EXERCISE BRIEF
Word for word, reproduce each line of the data below, omitting every image.

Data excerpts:
▼▼▼

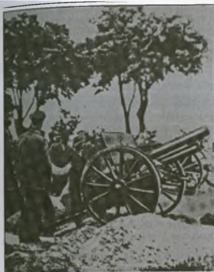
BATERIA ARTYLERII POWSTAŃCZEJ POD SŁAWIĘCAMI

Sam Kędzierzyn przejściowo został opanowany przez powstańców już 3 maja 1921 r. W następnych dniach Niemcy zgromadzili do jego obrony około 3500 ludzi. Siły powstańcze zbliżyły się do 4 tysięcy. Po zajęciu w dniu 4 czerwca 1921 r. Sławięcic, Blachowni Śląskiej, Raszowej i Januszkowice powstańcy rozpoczęli kilkudniowe walki o Kędzierzyn. Zakończyły się one 9 maja 1921 r. zdobyciem w godzinach porannych dworca kędzierzyńskiego - bronionego przez żołnierzy włoskich - a wieczorem całej miejscowości. W bitwie kędzierzyńskiej Niemcy stracili około 200 zabitych i rannych, a Polacy 39 zabitych i 211 rannych. Zdobycie Kędzierzyna otwarło powstańcom drogę do portu kozielskiego. Przystań Koziełska została zdobyta po wielogodzinnych ciężkich walkach wieczorem 10 maja 1921 r. Na wyzwolonych przez powstańców terenach utworzone zostały lokalne ogniwa administracji. Przetrwały one do początków czerwca 1921 r.
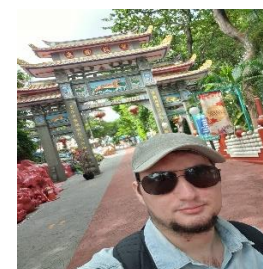
Haw Par Villa
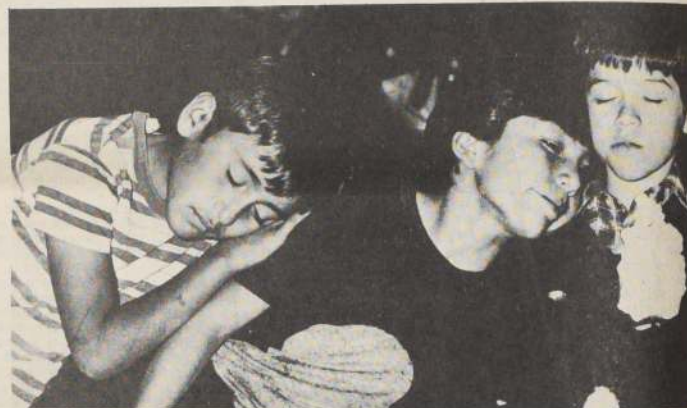
Los actores infantiles de la Escuela Popular de Arte Escénico de Quinta Normal han recibido elogiosos comentarios de la crítica y el público en sus anteriores presentaciones.

La comedia musical relata, por una parte, el drama de una mujer que llega a la Vega Central buscando a su hijo, a quien perdió recién nacido y al cual, presumiblemente, habría robado una mu-
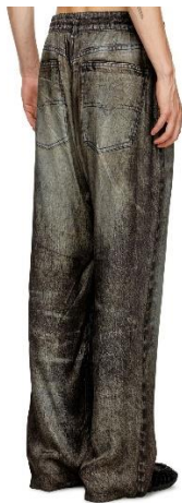
Рис.2. Джинсы Diesel с использованием цифровой печати для создания эффекта носки

Лазерная гравировка и эрозия ткани. Лазерные технологии позволяют не просто резать, но и контролируемо «состаривать» ткань, создавая эффекты выцветания, потёртости или ажурные узоры, будто бы проступившие сквозь время элементы. Это точный и экологичный способ создать видимость многолетней носки за секунды.
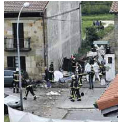
Suhiltzaileak lanean.

Pasa den osteguneko 18:07 ez dute nahi ahaztuko Arbizun: hegazkin arin bat Arbizuko Kale Nagusian erori zen. Lekukoek azaldu zuten, putre batekin talka egin ondoren erori egin zen. Altuera galtzean etxe baten teilatua ukitu zuen eta gero, etxartean erori zen hegazkin arina,
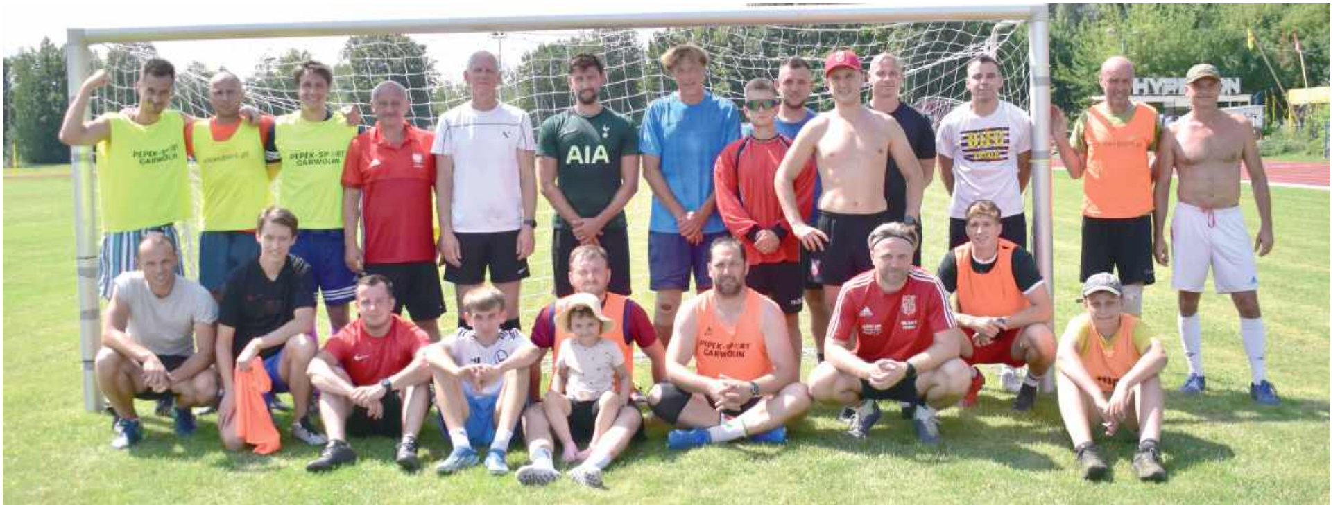
Pamiętkowe zdjęcie wszystkich uczestników zmagani

Trzy drużyny wzięły udział w turnieju piłki nożnej o puchar wójta gminy Stężycy w ramach Dni Stężycy.
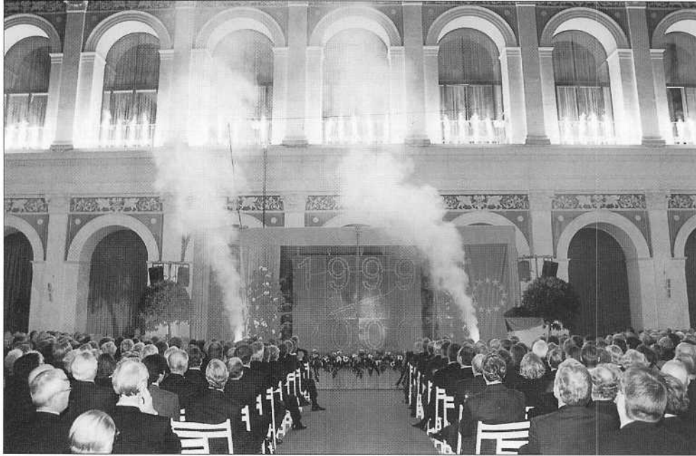
Feuriger Auftakt zum neuen Jahrtausend am 31.12.1999: Ausklang der Jahresschlussversammlung des Ehrbaren Kaufmanns (VEEK) in der Handelskammer Hamburg.
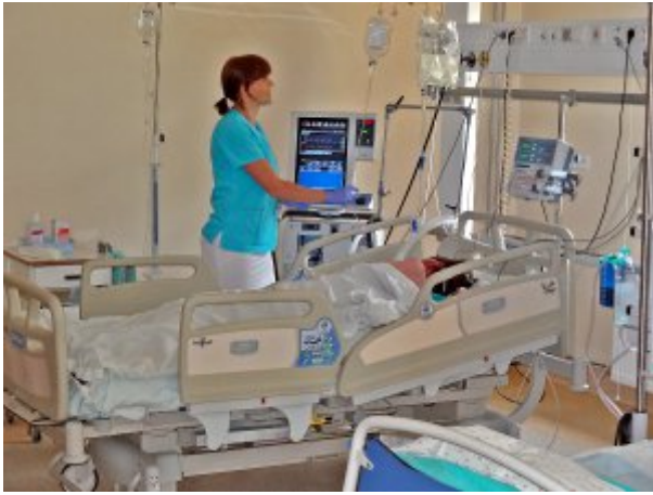
Oddział Anestezjologii i Intensywnej Terapii
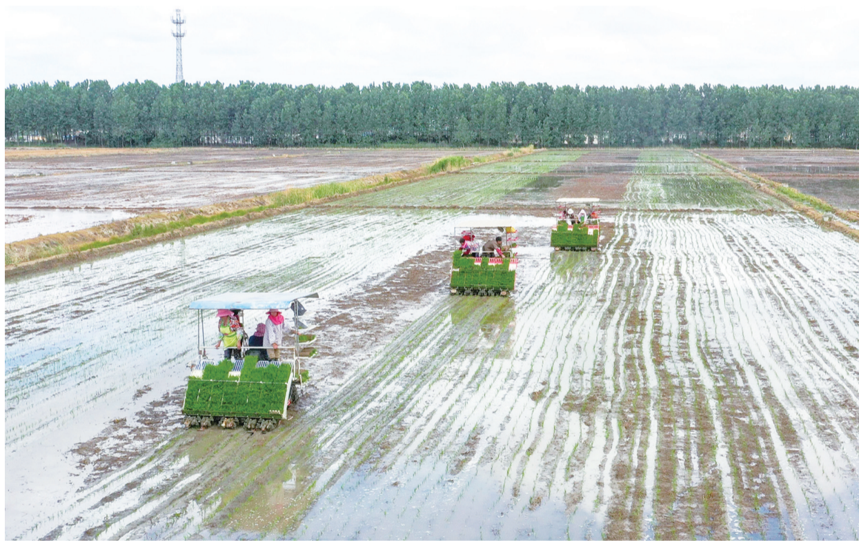
近日，西团镇赵场村的一处稻田里，插秧机在栽插水稻秧苗。目前，我区夏收工作全面完成，夏种工作已全面展开，62.5万亩水稻已经完成种植约42万亩，其中有13万亩采用机插秧。近年来，区农业农村局依托专业化农机合作社，加快农机农艺技术推广普及，大大提高了种植效率，为粮食丰收增产打下坚实基础。
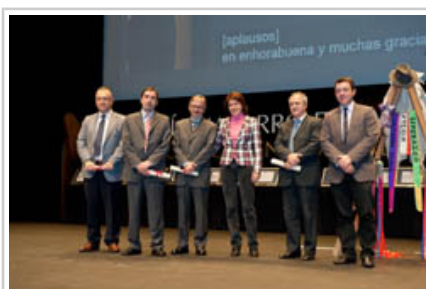
El vicepresidente primero y la consejera Vera tras entregar uno de los galardones.
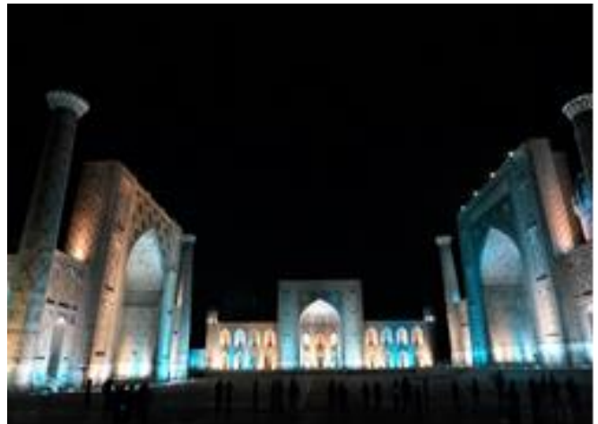
レギスタン広場のライトアップ(イメージ)
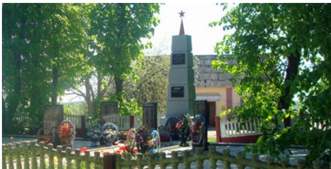
Окончание маршрута в д.Полота

Памятник с непростой историей. Тут несколько раз происхо-
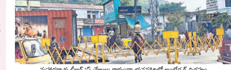
మహాధర్మాకు బీఆర్ఎస్ శ్రేణులు రాకుండా భువనగిరిలో అంబేద్కర్ విగ్రహం చుట్టూ పోలీసులు కంచ వేసి అడ్డం దోలతో పోలీస్ పహారా

▲▲▲

RESULT OF THIS EXERCISE
BATERIA ARTYLERII POWSTAŃCZEJ POD SŁAWIĘCAMI

Sam Kędzierzyn przejściowo został opanowany przez powstańców już 3 maja 1921 r. W następnych dniach Niemcy zgromadzili do jego obrony około 3500 ludzi. Siły powstańcze zbliżyły się do 4 tysięcy. Po zajęciu w dniu 4 czerwca 1921 r. Sławięcic, Blachowni Śląskiej, Raszowej i Januszkowice powstańcy rozpoczęli kilkudniowe walki o Kędzierzyn. Zakończyły się one 9 maja 1921 r. zdobyciem w godzinach porannych dworca kędzierzyńskiego - bronionego przez żołnierzy włoskich - a wieczorem całej miejscowości. W bitwie kędzierzyńskiej Niemcy stracili około 200 zabitych i rannych, a Polacy 39 zabitych i 211 rannych. Zdobycie Kędzierzyna otwarło powstańcom drogę do portu kozielskiego. Przystań Koziełska została zdobyta po wielogodzinnych ciężkich walkach wieczorem 10 maja 1921 r. Na wyzwolonych przez powstańców terenach utworzone zostały lokalne ogniwa administracji. Przetrwały one do początków czerwca 1921 r.
Haw Par Villa
Los actores infantiles de la Escuela Popular de Arte Escénico de Quinta Normal han recibido elogiosos comentarios de la crítica y el público en sus anteriores presentaciones.

La comedia musical relata, por una parte, el drama de una mujer que llega a la Vega Central buscando a su hijo, a quien perdió recién nacido y al cual, presumiblemente, habría robado una mu-
Рис.2. Джинсы Diesel с использованием цифровой печати для создания эффекта носки

Лазерная гравировка и эрозия ткани. Лазерные технологии позволяют не просто резать, но и контролируемо «состаривать» ткань, создавая эффекты выцветания, потёртости или ажурные узоры, будто бы проступившие сквозь время элементы. Это точный и экологичный способ создать видимость многолетней носки за секунды.
Suhiltzaileak lanean.

Pasa den osteguneko 18:07 ez dute nahi ahaztuko Arbizun: hegazkin arin bat Arbizuko Kale Nagusian erori zen. Lekukoek azaldu zuten, putre batekin talka egin ondoren erori egin zen. Altuera galtzean etxe baten teilatua ukitu zuen eta gero, etxartean erori zen hegazkin arina,
Pamiętkowe zdjęcie wszystkich uczestników zmagani

Trzy drużyny wzięły udział w turnieju piłki nożnej o puchar wójta gminy Stężycy w ramach Dni Stężycy.
Feuriger Auftakt zum neuen Jahrtausend am 31.12.1999: Ausklang der Jahresschlussversammlung des Ehrbaren Kaufmanns (VEEK) in der Handelskammer Hamburg.
Oddział Anestezjologii i Intensywnej Terapii
近日，西团镇赵场村的一处稻田里，插秧机在栽插水稻秧苗。目前，我区夏收工作全面完成，夏种工作已全面展开，62.5万亩水稻已经完成种植约42万亩，其中有13万亩采用机插秧。近年来，区农业农村局依托专业化农机合作社，加快农机农艺技术推广普及，大大提高了种植效率，为粮食丰收增产打下坚实基础。
El vicepresidente primero y la consejera Vera tras entregar uno de los galardones.
レギスタン広場のライトアップ(イメージ)
Окончание маршрута в д.Полота

Памятник с непростой историей. Тут несколько раз происхо-
మహాధర్మాకు బీఆర్ఎస్ శ్రేణులు రాకుండా భువనగిరిలో అంబేద్కర్ విగ్రహం చుట్టూ పోలీసులు కంచ వేసి అడ్డం దోలతో పోలీస్ పహారా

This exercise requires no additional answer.